Today is my youngest child’s 27th birthday. I am considering what that feels like. It makes me feel kind of old! I know that age is relative and I don’t really feel old, but you don’t get a 27-year-old baby without having some years under your belt!
What I’m really feeling is a kind of alienation…the feeling of being separated from others. I’m tracing this feeling back to see where it begins…I see myself crying into the fur of my childhood dog, Curly. I am about eight.
Events happened to me as a child that I felt I could not tell anyone about. Even at that young age, I knew I would not be fully understood. The pain of saying what was in my heart and having it rejected outweighed the pain of isolation so I stayed quiet.
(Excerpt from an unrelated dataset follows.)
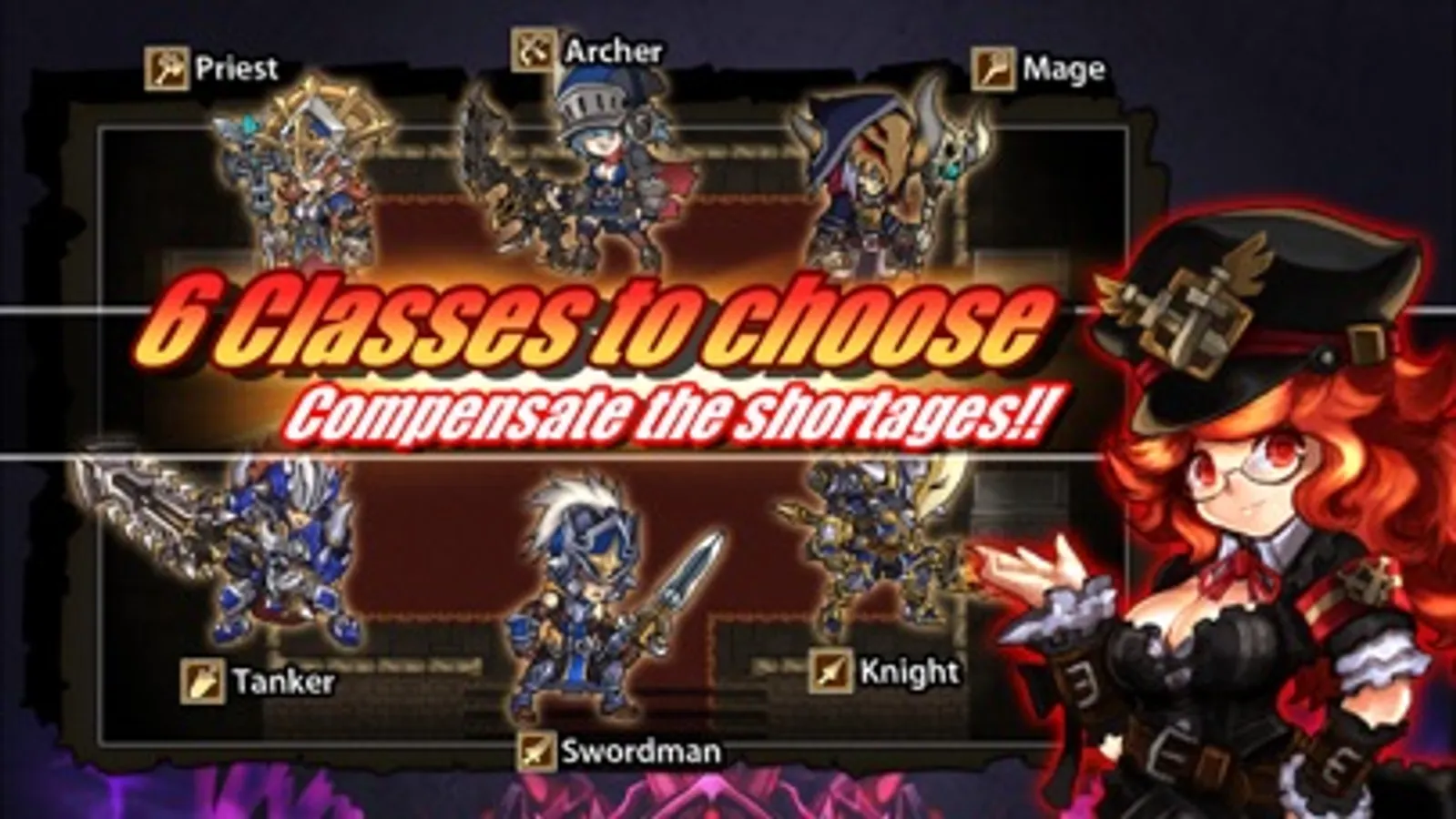 6 classes to choose: Swordman, Priest, Knight, Mage, Archer and Tanker.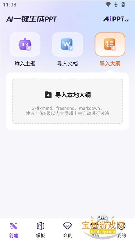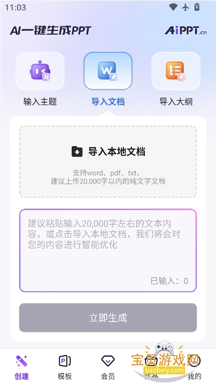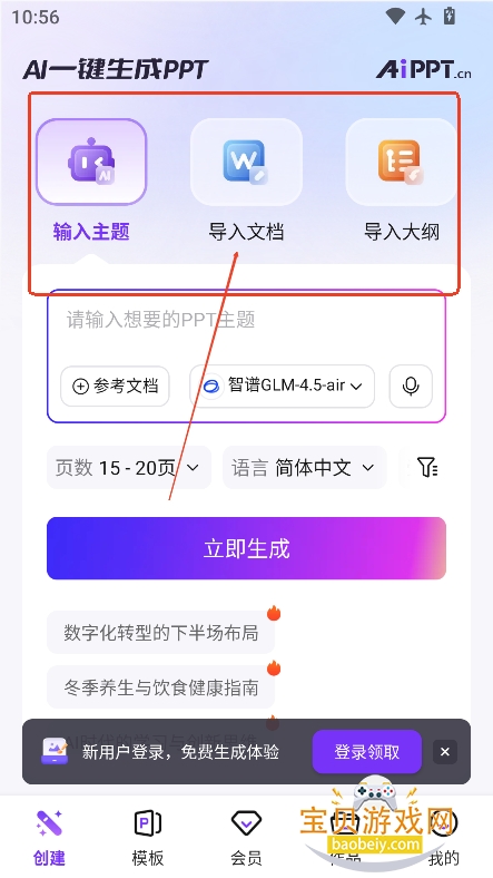1、进入首页,支持输入主题,导入文档,导入大纲等三种生成方式,可以任意选择一种自己喜欢的方式进行生成

I am saying what is in my heart every morning, now. I say it to anyone who cares to listen. I am not invested in being understood. As the years have passed I was given the gift of not taking personally what other’s think about me. Saying my truth feels important, but it’s not about who understands me. It is about clarifying my feelings for myself.
I realize that even those who say, “Right On, Sister,” claiming to agree with my thoughts and ideas, don’t know all of me. I cannot be known. No matter how transparent I become, there will always be a shadow hiding some part of me from others. I am surprised to see those words! I thought full disclosure was possible! I thought I could become like cellophane and everyone would see right through me.
“Just because it’s there doesn’t mean we see it. Just because we see it doesn’t mean we understand. “
Oh, I get it. I don’t see everything that is visible to me. I only see what supports my beliefs.
Even if I am able to shine the brightest light into the deepest corners of my shadow, there is no guarantee that what is there will be understood by anyone outside of myself. Maybe not even me!
I remain unseen. I remain estranged.